3. Matter of dispute before ITAT

  • The Revenue has not disputed the decision of Ld. CIT(A) on deletion of TDS liability on payment of lease rent. Therefore, matter to be considered by interest liability u/s 201(1A) and finding that even if the assessee is not to be treated as an assessee in default, it does not absolve the assessee from interest liability u/s. 201(1A) of the Act.
  • Correctness of additional TDS liability on advertisement charges and interest thereon.

4. Submission made by the Appellant 

The appellant contented:

  • With respect to TDS on Lease rent, The appellant placed reliance on order of jurisdictional High court in the case of Rajesh Projects (supra) to the effect that GNoida was ensured that the reimbursement is made to compensate the petitioner’s excess payments.
  • The income tax authorities shall not pursue any coercive methods for recovery of the amounts, penalty, once the basic liability (with interest to be paid by GNoida) is satisfied and decided the issue in favour of the assessee.

5. Submission made by the Respondent

The Revenue contended that:

  • With respect to TDS on Lease rent, the Learned DR places reliance on the findings of the authorities.
  • With respect to TDS on advertisement charges, the Ld.
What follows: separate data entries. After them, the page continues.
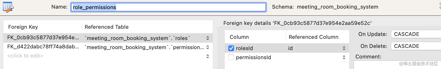 角色-权限中间表 role_permissions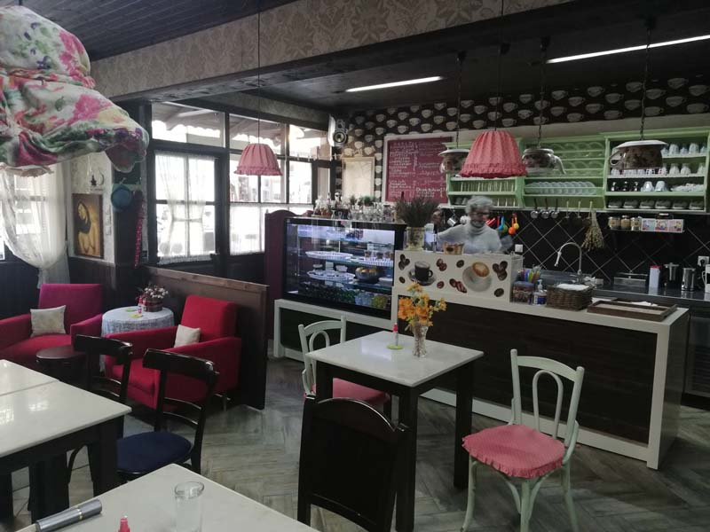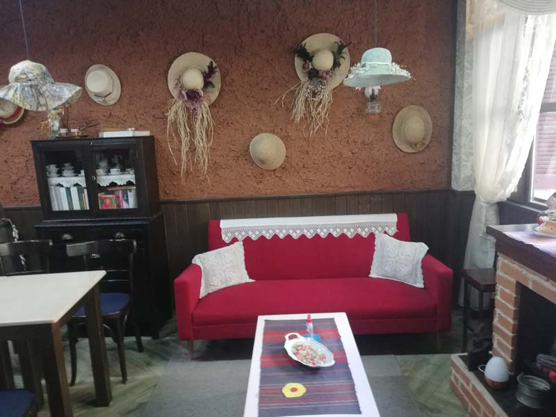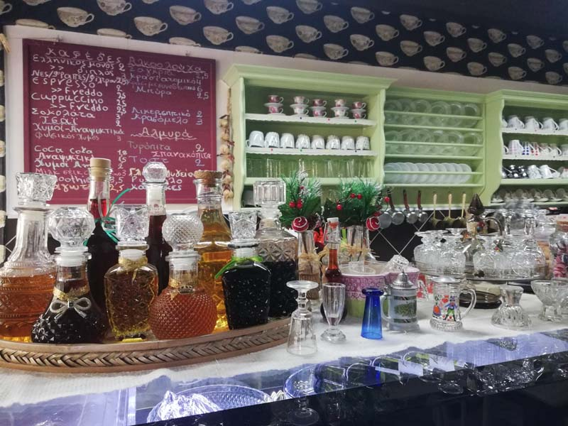 Ότι υπάρχει στο καφενείο είναι φτιαγμένο από τα χέρια και το μεράκι της κας Στεργίου. Το τσάι του βουνού της το φέρνουν φίλοι που το καλλιεργούν στα ορεινά της Φλώρινας, το φλαμούρι, η λουΐζα, η μέντα, το φασκόμηλο, ο δυόσμος καλλιεργούνται στο κτήμα της ενώ όπως μας εξομολογείται όλα τα είδη ζαχαροπλαστικής είναι φτιαγμένα από τα χέρια της. «Κάθε βδομάδα φτιάχνω τρία η τέσσερα διαφορετικά γλυκά που μπορεί κάποιος να γευτεί με το ρόφημα του». Η κρέμα ρουαγιάλ και οι λουκουμάδες σιροπιαστοί με κρέμα είναι τα δύο παραδοσιακά γλυκά της Φλώρινας που η κα Στεργίου περηφανεύεται για την υψηλή ποιότητα που τους προσδίδει. Το καφενείο δεν έχει τα ωράρια ενός κλασικού καταστήματος εστίασης, τις καθημερινές λειτουργεί 10:00 -13.30 και 16.00-21.30 τα Σάββατα είναι κλειστό και τις Κυριακές λειτουργεί μόνο το απόγευμα.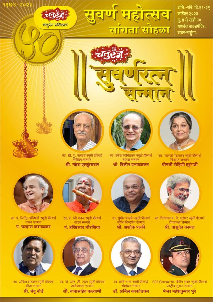चतुरंगाच्या पन्नाशी निमित्त ११ ‘चतुरंग सुवर्णरत्न सन्मानां’ची घोषणा! / दिनांक २८ – २९ सप्टेंबरला मुंबईत  भव्योदात्त सोहळा!!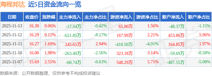证券之星消息,截至2025年11月13日收盘,海程邦达(603836)报收于16.3元,上涨0.06%,换手率1.27%,成交量2.6万手,成交额4219.89万元。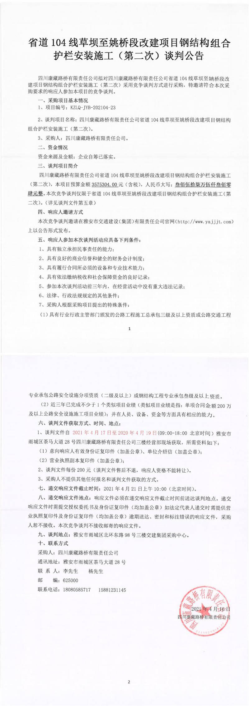 四川康藏路橋有限責(zé)任公司省道104線(xiàn)草壩至姚橋段改建項(xiàng)目鋼結(jié)構(gòu)組合護(hù)欄安裝施工(第二次)談判公告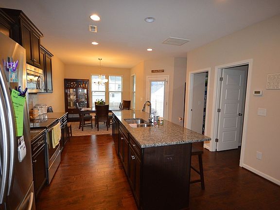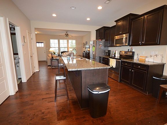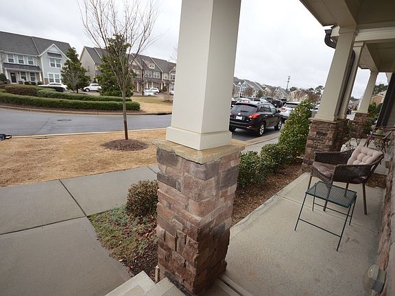 Covered, rocking chair front porch. All hardwood main floor. Open floor plan. Walk through kitchen with granite counters, stainless appliances, large island, and pantry. Loft/office area second floor. Master bedrooms with walk-in-closet and full bath on second and third floors. Washer and dryer included. Fenced yard and parking spots behind home. Storage space with on-demand water heater. Landscaping included. Partially covered patio and storage room. Community pool and gym access.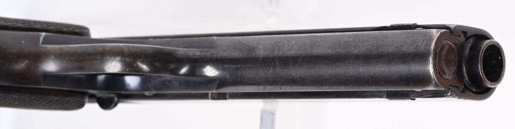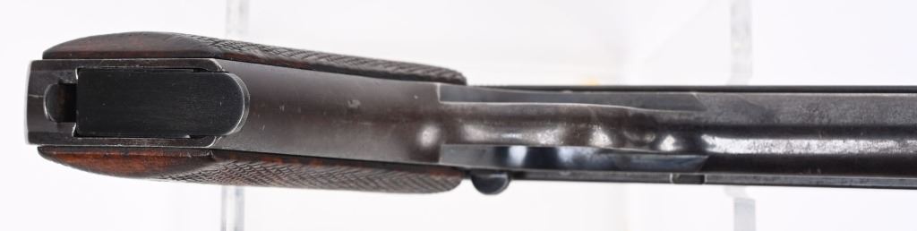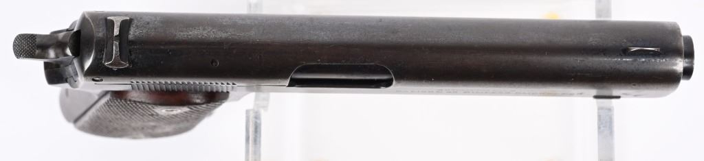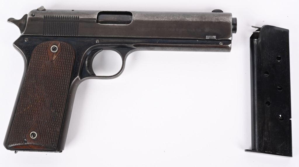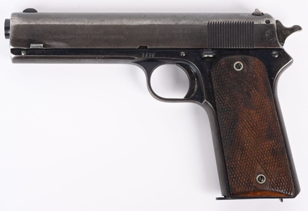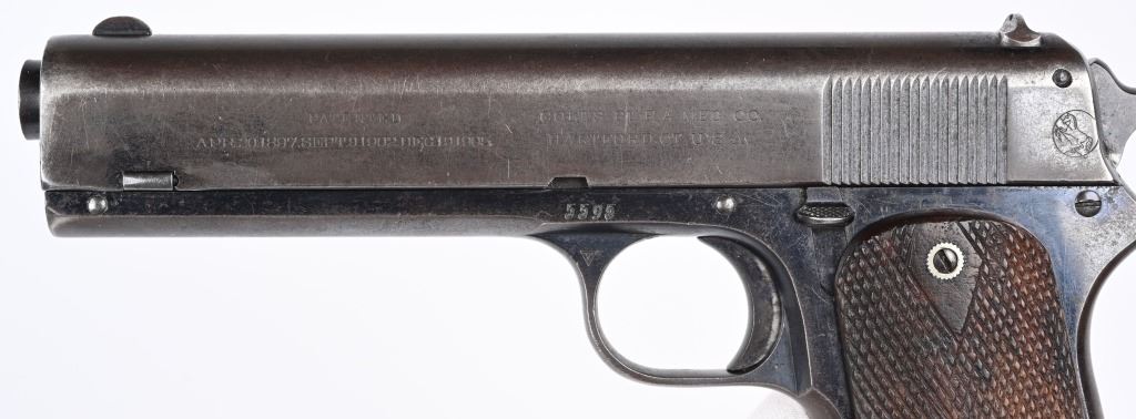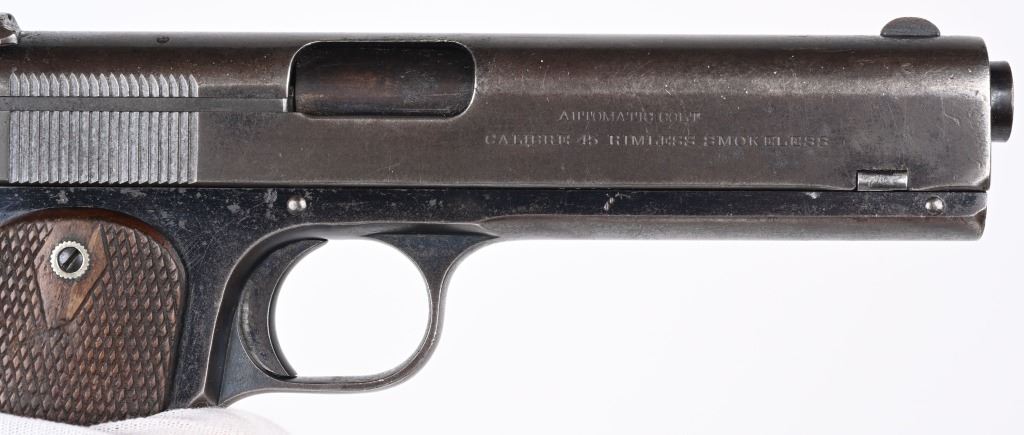 SERIAL NUMBER: 5595. BARREL: 5". CALIBER: .45 ACP. MANUFACTURED: 1911. Pivotal in the development of the M1911 semi automatic pistol. Standard markings on both sides of the slide. Circled, rampant Colt pony on the rear left side of the slide. "VP" proof on the left side of the trigger guard. Half moon front sight and u-notch rear. Original blued finish. Original diamond checkered wood grips. Blued steel magazine is later production. CONDITION: Metal is good overall, with general wear and brown patina forming in areas. Fire blue still visible on the trigger. Grips have wear to the checkering, with minor scratches and handling marks. Right grip has an "X" in the center. Bore is heavily frosted with light pitting. Fair rifling. Mechanically fine. Magazine is very good. C&R

DR  was of the view that TDS is deductible u/s 194J because there is no written contract between the Assessee and the Advertising Agency.
  • Therefore, payment of advertisement charges is to be considered as payment of Professional Fee.

6. Findings of Hon’ble ITAT

The Hon’ble ITAT made following interpretations:

  • With respect to TDS on Lease rent, Hon’ble ITAT relied on precedence in case of  Prateek Buildtech (supra), wherein it was held that once the liability of reimbursement by G.Noida is made, the authority shall not pursue any coercive method. 
  • Considering the same, the matter was referred back to Ld. AO to verify whether liability of payment of TDS and interest thereon lies on G.Noida authority on not. If, it is found that the basic TDS liability and interest thereon has already been paid by the NOIDA, then no such liability shall be raised on the assessee.
  • With respect to TDS on Advertisement expenses, ITAT referred to the explanation (iv) to 194C of Income Tax Act wherein it is clarified that any payment made to any resident for carrying out the work for advertising, broadcasting and telecasting then TDS shall be deducted @ 1% when payment is made to Individual or HUF or @ 2% in other cases.
  • Further, the word “Advertising” has been clarified by CBDT in Circular No. 714 dated 03/08/1995. It is clarified that “Fee for Professional Service or Technical Service” under section 194J means service provided in course of carrying on legal, medical, engineering or profession of accountancy or technical consultancy or interior decoration or advertising or such activity as is notified by the Board for the purpose of section 44AA or section 194J.
  • TDS u/s 194J shall be deducted when an advertising agency makes payment to professionals such as film artist, actors, cameraman etc.
  • Circular also clarifies that there is a difference between ‘person making payments to advertising agencies’ and ‘advertising agencies making payment to television channels or newspaper companies etc.’ 
  • Conclusively the payment made here by a person to an advertising agency is covered under the section 194C and payment made by advertising agencies to film artist, cameraman etc. are covered u/s 194J.
  • Further, a contract need not always be in writing and could be implied also.

 7. Decision of Hon’ble ITAT

  • With respect to TDS on Lease Rent, matter was referred back to Ld. AO to determine whether NOIDA has payments of the basic TDS liability along with the interest. If  after verification, it is found that the basic TDS liability and interest thereon has already been paid by the NOIDA, then no such liability shall be raised on the assessee.
  • TDS on advertisement expenses are to be deducted u/s 194C not 194J irrespective of the fact that there is no contract in writing.